Laura Hall

Personal information
- Born: February 20, 2003 (age 23) Salmon Arm, British Columbia, Canada

Sport
- Country: Canada
- Sport: Speed skating
- Event(s): 3000 m, 5000 m

Medal record
Women's speed skating
Representing Canada
Winter World University Games
| Gold medal – first place | 2023 Lake Placid | 3000 m |
Four Continents Championships
| Silver medal – second place | 2022 Calgary | 3000 m |
| Silver medal – second place | 2022 Calgary | Team pursuit |

= Laura Hall (speed skater) =

Canadian speed skater (born 2003)

Laura Hall (born February 20, 2003) is a Canadian speed skater. Hall competes primarily in the longer distances of 3000 m and 5000 m.

==Career==
Hall's first major competition was the 2019 Canada Winter Games in Red Deer, Alberta, where Hall won a bronze medal in the team pursuit.
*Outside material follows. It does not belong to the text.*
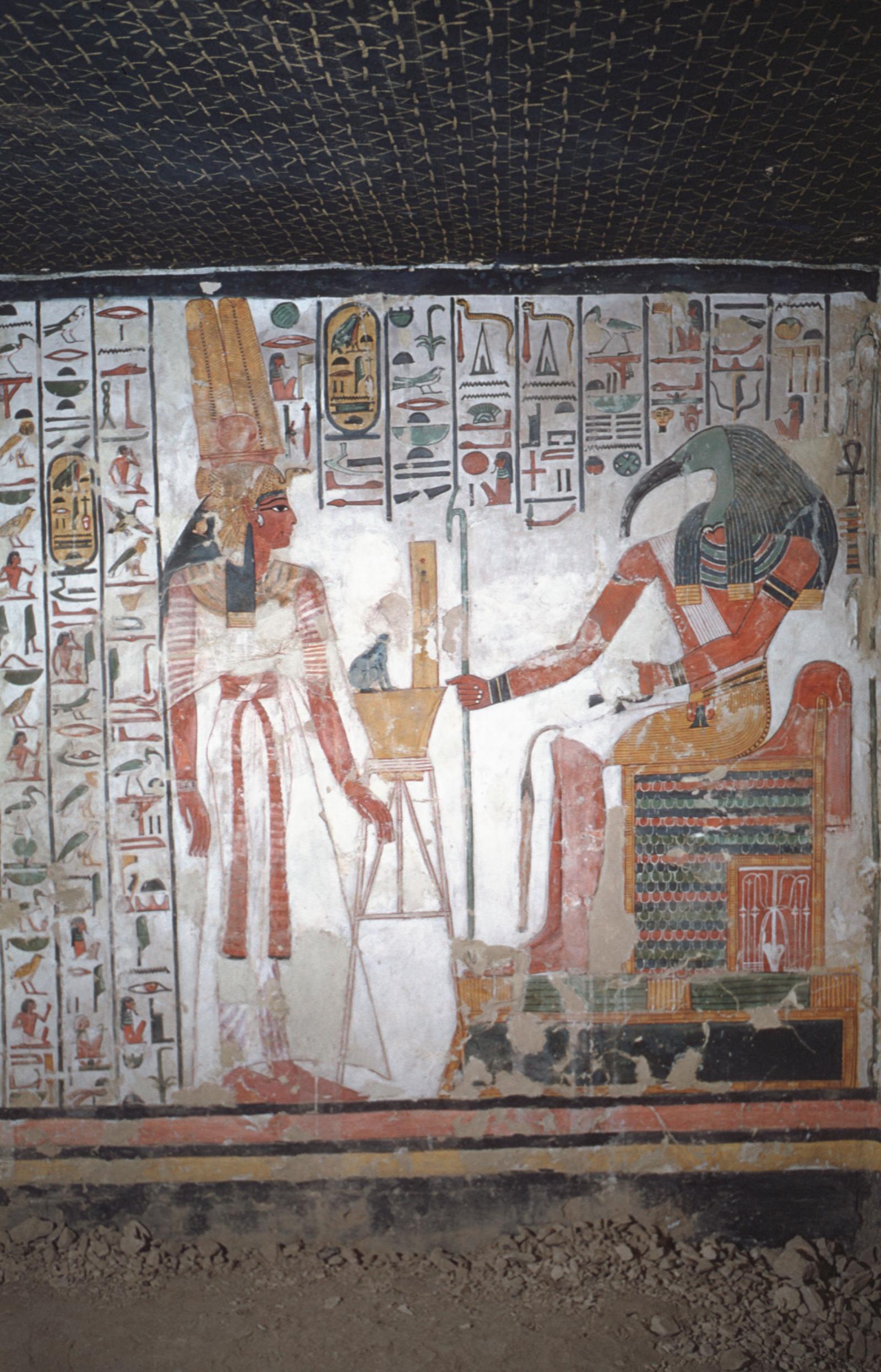 The queen before the god Thoth, left (north) wall of Side chamber Ba. Courtesy of Uni Dia Verlag. Uni Dia Image Nr. 36829.

At the 2022 Four Continents Speed Skating Championships in Calgary, Hall won two silver medals: the women's 3000 metres, and was part of the women's team pursuit. At the 2023 World University Games in Lake Placid, Hall won the gold medal in the women's 3000 metres event.

==Personal life==
Hall's father is Michael Hall, who competed in speed skating for Canada at the 1994 Winter Olympics. Hall's brother, Daniel Hall is also a competitive speed skater.